Our transition to profitability is dependent upon, among other things, the future commercialization of the renewable fuel products that we intend to produce at the Bakersfield Renewable Fuels Refinery. In order to ensure that we have a buyer for the renewable diesel produced at our renewable refinery, we have entered into the Offtake Agreement with ExxonMobil under which ExxonMobil has agreed to purchase a minimum of 105 million gallons per year of renewable diesel from the Bakersfield Renewable Fuels Refinery for a period of five years following the date that the Bakersfield Renewable Fuels Refinery commences commercial operations. The price of the renewable diesel to be sold under the Offtake Agreement is based on a combination of a fixed price and a variable price. We have also entered into the Term Purchase Agreement with ExxonMobil under which ExxonMobil has the right to purchase the additional renewable diesel that is not sold to ExxonMobil under the Offtake Agreement. The revenues we expect to receive under the Offtake Agreement once the Bakersfield Renewable Fuels Refinery is fully operational, together with a potential line of credit for purchasing feedstock, and with our other projected sources of revenues, are expected to fund our anticipated working capital and liquidity needs.
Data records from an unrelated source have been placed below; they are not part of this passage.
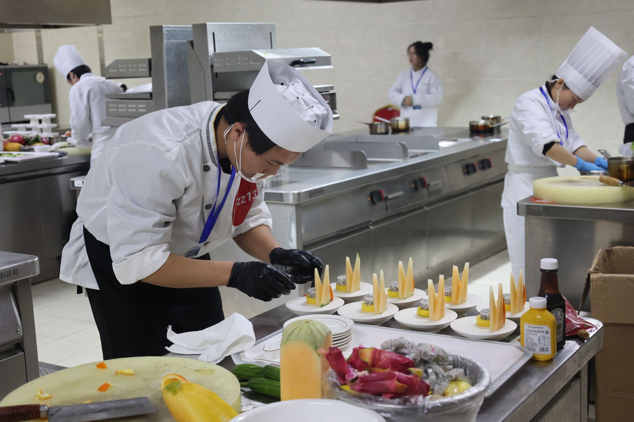 烹饪赛项为团队赛,来自全省7所高职院校的13支参赛队伍参赛。比赛由宴席设计、菜点制作、宴席展评三个分项目组成。通过宴席设计书策划、陈述答辩、基本功测试、宴席作品制作、宴席展台设计等考核内容,检验参赛选手的现场设计与应变能力、营养搭配与计算能力、规范操作水平及创新创意能力和水平,激发学生团队合作意识与实践成才热情。赛场上,各参赛选手将平时累积的知识与创新思维相结合,道道菜品别出心裁、匠心设计,精致且富有文化内涵。
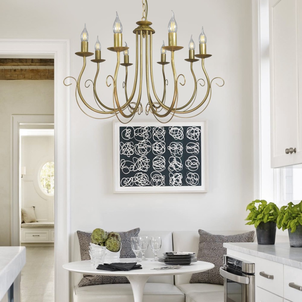 - Широкий выбор: Патиновая золотая отделка в сочетании с белым основанием делает эту люстру прекрасным дополнением к интерьеру в различных цветовых гаммах.
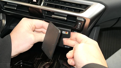 Use the enclosed alcohol pad to clean the area where the mount will be installed. Peel off the adhesive tape cover. Press the thin lower edge of the mount into the gap between the compartment and the center console.
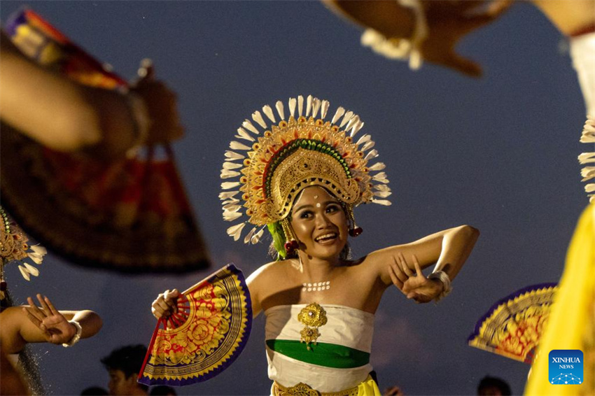 Una artista interpreta la danza tradicional balinesa Janger para celebrar el Día Internacional de la Danza en la playa de Pererenan, en la regencia de Badung, Bali, Indonesia, el 29 de abril de 2025. (Foto de Dicky Bisinglasi/Xinhua.)
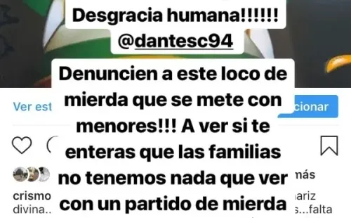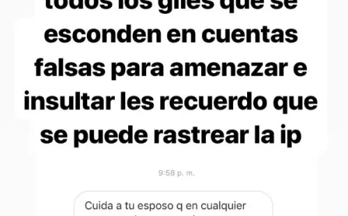 Tras la jugada, Morales recibió un mensaje privado desde el perfil Santiago.lopardo: “cuida a tu esposo que en cualquier momento le pego un tiro, o yo o una persona que manda mi tío”.

Once completed, the Bakersfield Renewable Fuels Refinery will be able to produce renewable diesel from various renewable feedstocks, such as Camelina oil produced from our patented Camelina varieties, soybean oil, used cooking oil, inedible animal fat, and other vegetable oils. We believe that one of our strategic advantages is that a significant portion of the feedstock expected to be used at our renewable refinery will be Camelina oil derived from the Camelina grain produced for the Bakersfield Renewable Fuels Refinery using our patented Camelina varieties. However, we anticipate that we will need additional funding for general corporate purposes, to grow our certified Camelina seeds, to enter into agreements with farmers, and to otherwise ramp up the cultivation and production of Camelina. In addition, we will also have to purchase significant amounts of feedstock from which we will produce renewable diesel, which purchase price we may have to pay in advance. Our goal is to fund the foregoing feedstock purchase and production costs through a feedstock supply credit line we expect to obtain from one or more commercial financial institutions. Based on our current Camelina production expectations and the projected costs of purchasing feedstock, we expect that we will need to obtain a line of credit for $100 million to $125 million. Any such line of credit is expected to be secured by the feedstock that we purchase and by the accounts receivables generated from our renewable diesel sales.
We have no off-balance sheet arrangements as defined in Item 303(a) of Regulation S-K.